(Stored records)
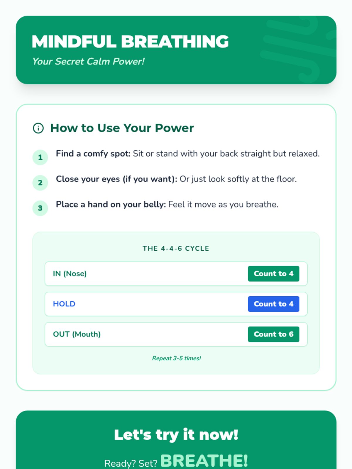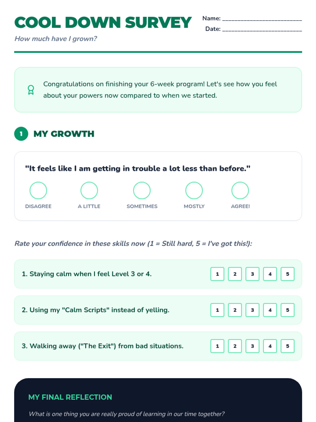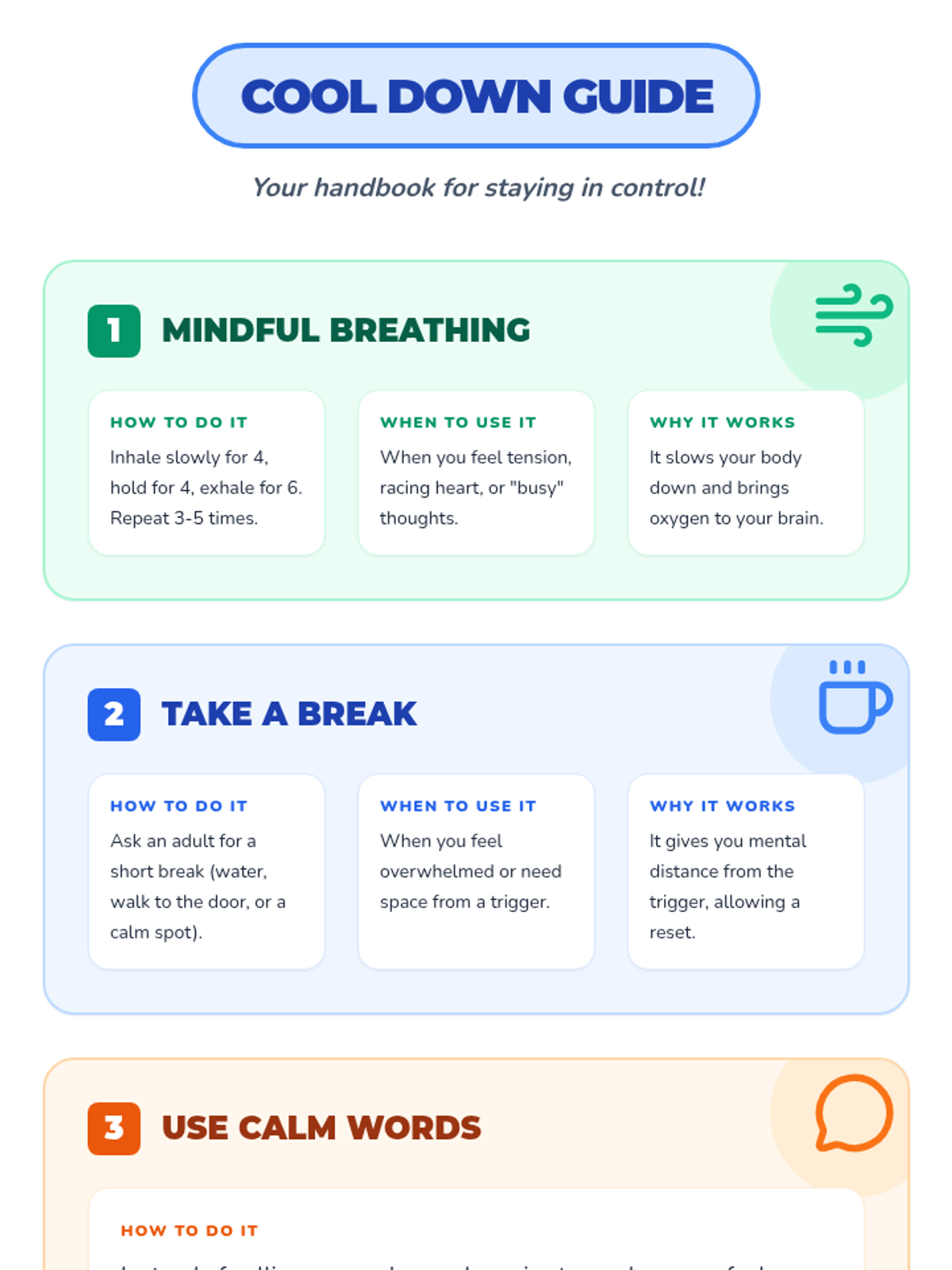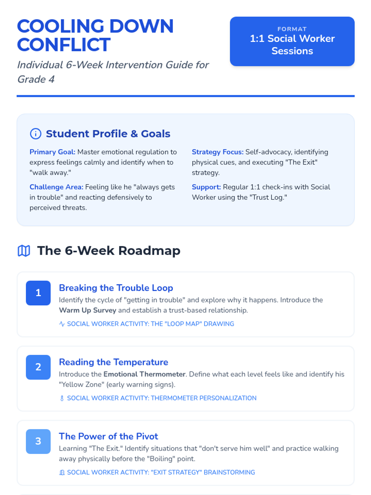 A 6-week Tier 3 intervention for 4th-grade students focusing on self-regulation, anger management, and active listening. Students learn to identify triggers like personal space invasion and verbal threats, while practicing mindful breathing and calm communication.
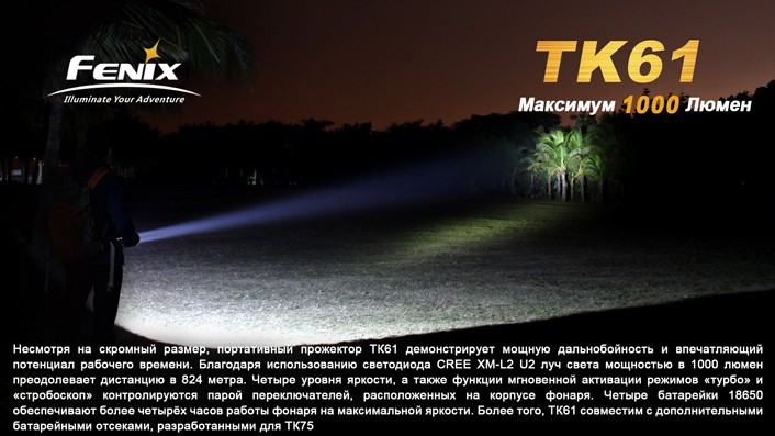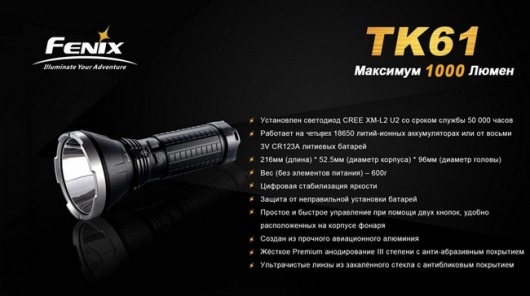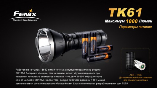 Инструкция по использованию: Батарейная кассета фонаря Fenix TK61 Cree XM-L2 (U2) рассчитана на 4 Li-ion аккумулятора размера 18650 или 8 Lithiium батареек стандарта CR123A. Если вы собираетесь использовать осветительное устройство при низких температурах, лучше использовать именно литиевые батареи, которые дольше сохраняют заряд на морозе.
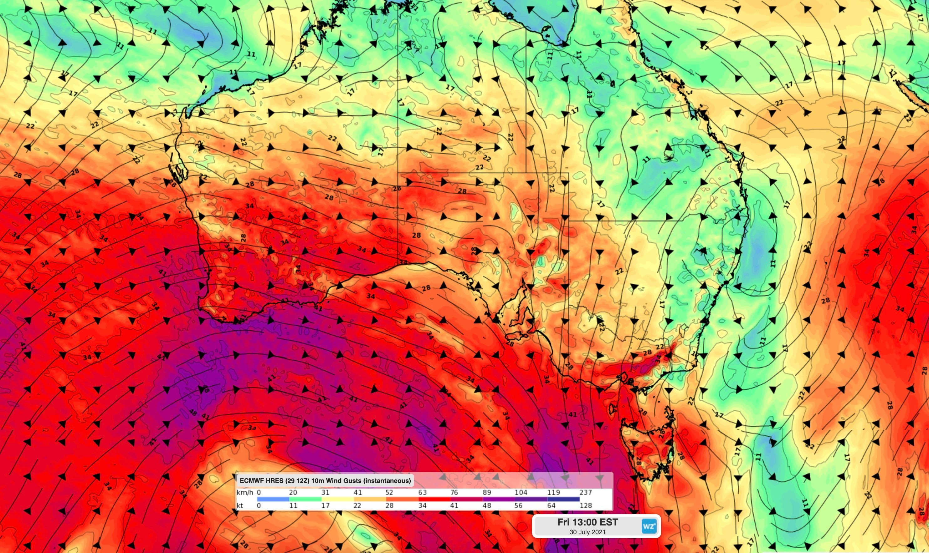 Image: Forecast wind gusts (speed and direction) at 1pm AEST on Friday, according to the ECMWF model.
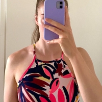 Aerie halterneck-tyylinen värikäs, kuvioitu bikini kokoa S. Muutaman kerran käytetty, priimakunnossa. Säädettävä narukiinnitys.
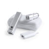 Set de batería auxiliar externa de 2.200 mAh de capacidad de carga, cargador de coche con salida de carga dual USB de 2.100 mA y cargador de pared de 1.000 mA. En resistente aluminio de acabado metalizado, con accesorio rompe cristales en cargador para el coche presentados en resistente y elegante estuche de polipiel en color blanco. Con cable tipo C y dual micro USB/lightning. Las capacidades mostradas en todas nuestras baterías auxiliares externas son reales, incorporando todas ellas baterías de grado A y no recicladas, con una vida útil de al menos 500 ciclos de carga y según normativa CE. Además, están fabricadas conforme a los estándares RoHS y en cumplimiento con los siguientes requisitos de seguridad: Sistema de protección contra sobrecarga del power bank. Sistema de protección contra descarga completa que proporciona una mayor durabilidad del power bank. Sistema de bloqueo para evitar cortocircuitos. Sistema de transferencia de carga constante, acorde con la capacidad del dispositivo de destino. Cargador Coche 2 Salidas USB, 2 Funciones. Cargador USB. Conexión Micro USB, Tipo C y Lightning
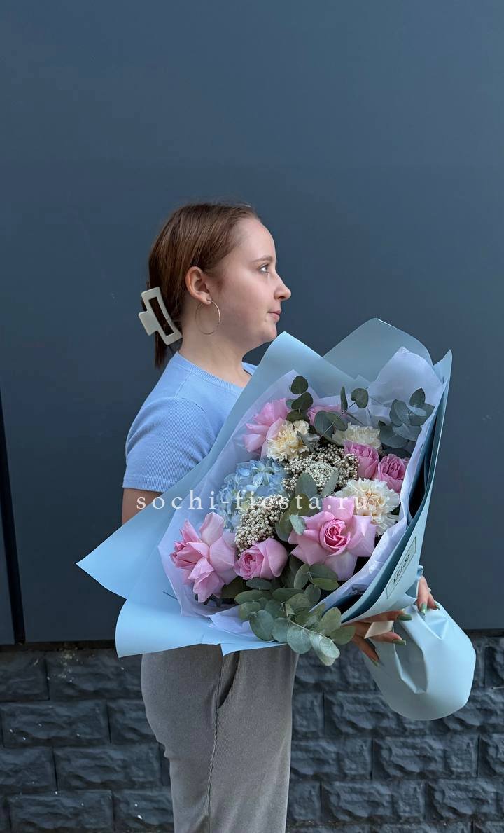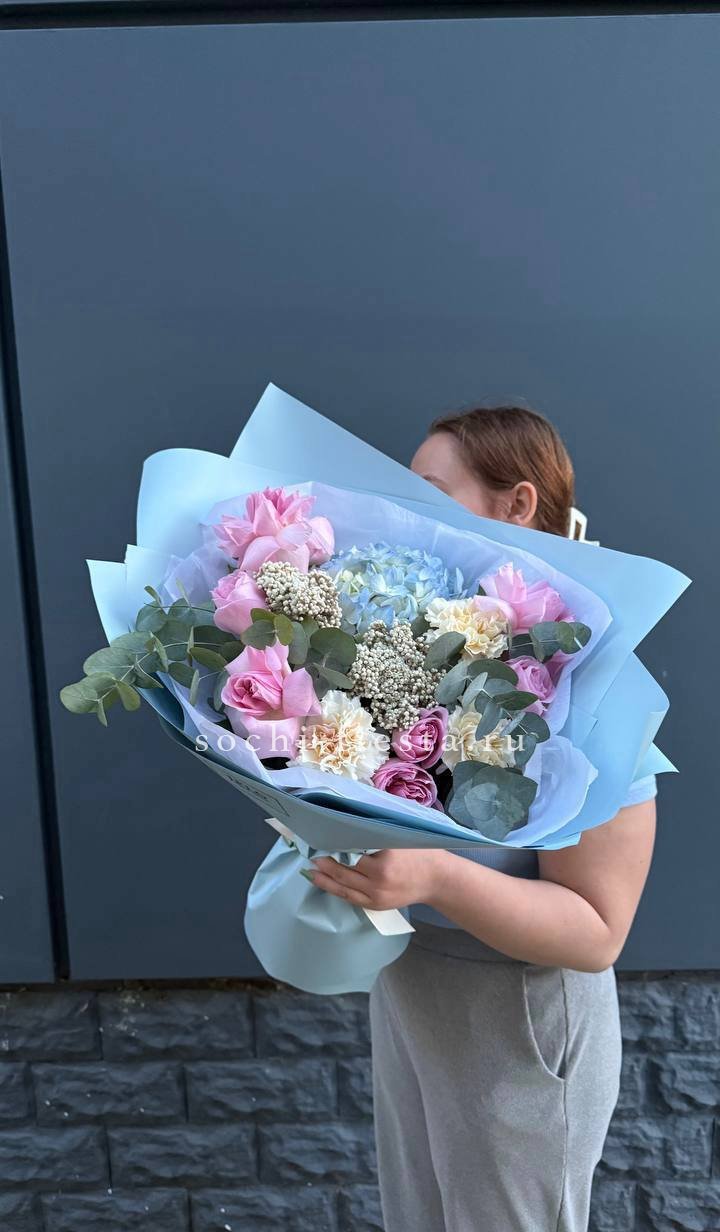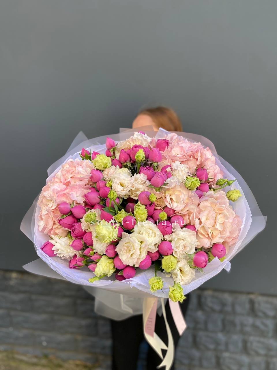 Мисти Баблс и гортензии в воздушной упаковке дарят ощущение свежести раннего утра. Лёгкая структура букета сохраняет форму и долго радует глаз.
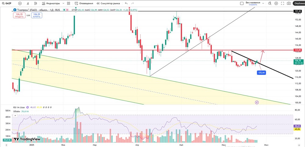 Акции Газпром (GAZP): Технический анализ и торговая стратегия — пробой нисходящего тренда и план роста
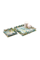 Nesting Scalloped Hand-Marbled Trays in Green and Pink
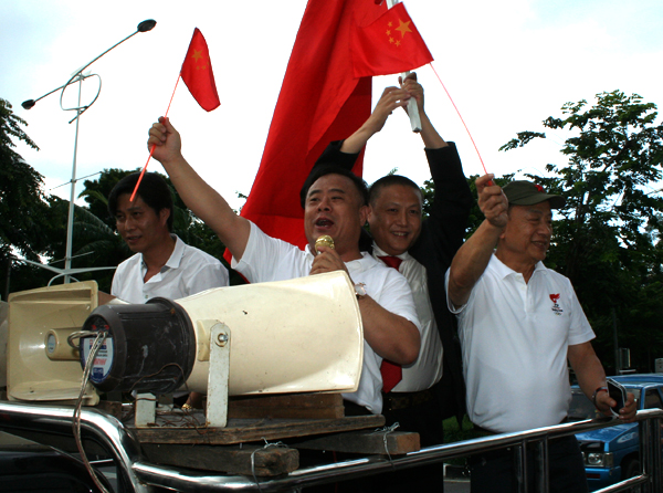 李桂雄会长 ,王志民会长伉俪、副会长谢崇通、钟和武;会长助理胡坚毅、连剑丰;常委许俊龙、文杰挥舞五星红旗,高呼“还我河山,爱我中华”。

*Aim of the task*
Nothing should appear in the answer except the lines from the first line of the data through the line holding "Aerie halterneck-tyylinen värikäs, kuvioitu", exactly as written, with pictures left out.

*Exercise response*
 A 6-week Tier 3 intervention for 4th-grade students focusing on self-regulation, anger management, and active listening. Students learn to identify triggers like personal space invasion and verbal threats, while practicing mindful breathing and calm communication.
 Инструкция по использованию: Батарейная кассета фонаря Fenix TK61 Cree XM-L2 (U2) рассчитана на 4 Li-ion аккумулятора размера 18650 или 8 Lithiium батареек стандарта CR123A. Если вы собираетесь использовать осветительное устройство при низких температурах, лучше использовать именно литиевые батареи, которые дольше сохраняют заряд на морозе.
 Image: Forecast wind gusts (speed and direction) at 1pm AEST on Friday, according to the ECMWF model.
 Aerie halterneck-tyylinen värikäs, kuvioitu bikini kokoa S. Muutaman kerran käytetty, priimakunnossa. Säädettävä narukiinnitys.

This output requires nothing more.